In the last article, we went over the basic concept of asynchronous computing, most importantly that it allows the GPU to perform multiple tasks in parallel with one another.

In this article, we're going to take advantage of asynchronous processing to perform multiple matrix multiplication operations in parallel and observe the speedup we get from doing so.

Problem Setup

For this problem, we will use the same matrix multiplication kernel introduced in the matrix multiplication tutorial. In case you didn't read that tutorial or need a refresher, here are the basics of the algorithm we're going to be using:

  • The kernel is launched using 2D blocks and grids
  • Each thread corresponds to a single element in the output matrix
  • The x and y index of each thread are used to the row and column of the output
  • That in turn determine the input values to use
  • Each thread computes and stores the dot product of each individual row/column combination

Synchronous Execution

Because the purpose of this tutorial is to highlight the advantages that asynchronous execution can offer, in addition to how it can be achieved, our example is going to include two separate matrix multiplication problems, so our synchronous version will be very similar to the original matrix multiplication example, just with double the inputs and outputs and double the kernel launches.

We will also be adding in events like we have done before so that we can capture the amount of time the synchronous version of the function takes.
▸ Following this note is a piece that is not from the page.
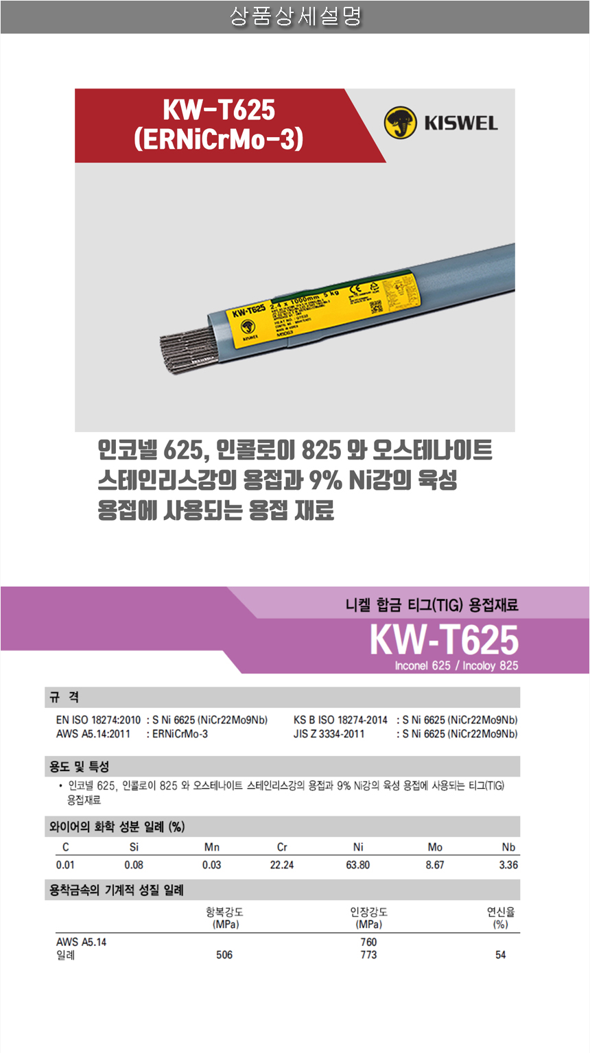 [고려용접봉] KW-T625 (ERNiCrMo-3) 알곤 티그(Tig)용접봉 2.0, 2.4, 3.2mm (5kg)

Let's also wrap this whole thing up in a function that returns a float so that we can have an independent function that times itself and can return the time it takes, rather than trying to do all of that from the program driver directly.

float syncDoubleMatrix(int rows, int cols, int vectorLength) {

}

Inside of this function, we will first allocate two input matrices and an output matrix for each multiplication problem.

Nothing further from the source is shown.